SWOT ANALYSIS: STRENGTHS: Financially supported by Nishat group of companies. Sale is increasing consistently. High quality cements commanding premium prices. WEAKNESSES: Total asset turnover is declining as compare to competitors. Interest coverage ratio is very low as compare to other competitors. Loss of market leader position to weaken pricing power. OPPORTUNITIES: Increase in Consumer & Industrial Demand up to 13% every year. Construction of mega dam projects in future, so it is the opportunity to rise market share. THREATS: Rising prices of coal, fuel Highest taxes as compared to any country in cement Flood tax charged by Government of Sindh Ongoing tussle between the cement manufacturers and Monopoly Control Authority (which is being given increased regulatory powers).

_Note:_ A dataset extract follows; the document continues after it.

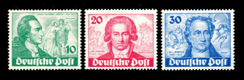 GERMANY BERLIN 1949 #9N61-63 SET XF **. Bicentenary of the birth of Johann Wolfgang von Goethe issue, Superb set of 3 stamps mint never hinged and signed Schlegel on back. Scott $340.00 CAD. (Image1)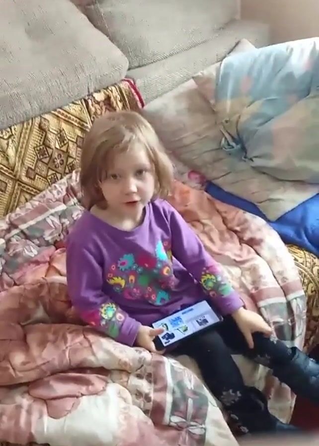 A young girl sits on a patterned blanket on a sofa, engrossed in a tablet. She is wearing a purple long-sleeve shirt with colorful flowers, black leggings, and black boots. The sofa has several pillows. She looks at the camera briefly before returning her attention to the tablet. The overall setting appears to be a casual indoor environment.

RECOMMENDATIONS: 1. Company point of view:

To compete with its market players/competitors D.G khan has to do following steps. It should Control its Production Cost & Improve its operating activities. It should cut down its administrative and Operating Expenses. It should improve its production & distribution efficiency. Sales are decreasing so It has to increase their sales Faster than the costs and should decrease its cost of Sales.

2. Investor point of view: Investor will be de motivated to invest in D.G khan because it has low G.P and is decreased from 32% to 16% in previous 2 years and that shows that DG has not control on its cost of sale. N.P is also declining consistently. Interest coverage ratio is 0.19 and consistently declining that shows company has taken too much debts.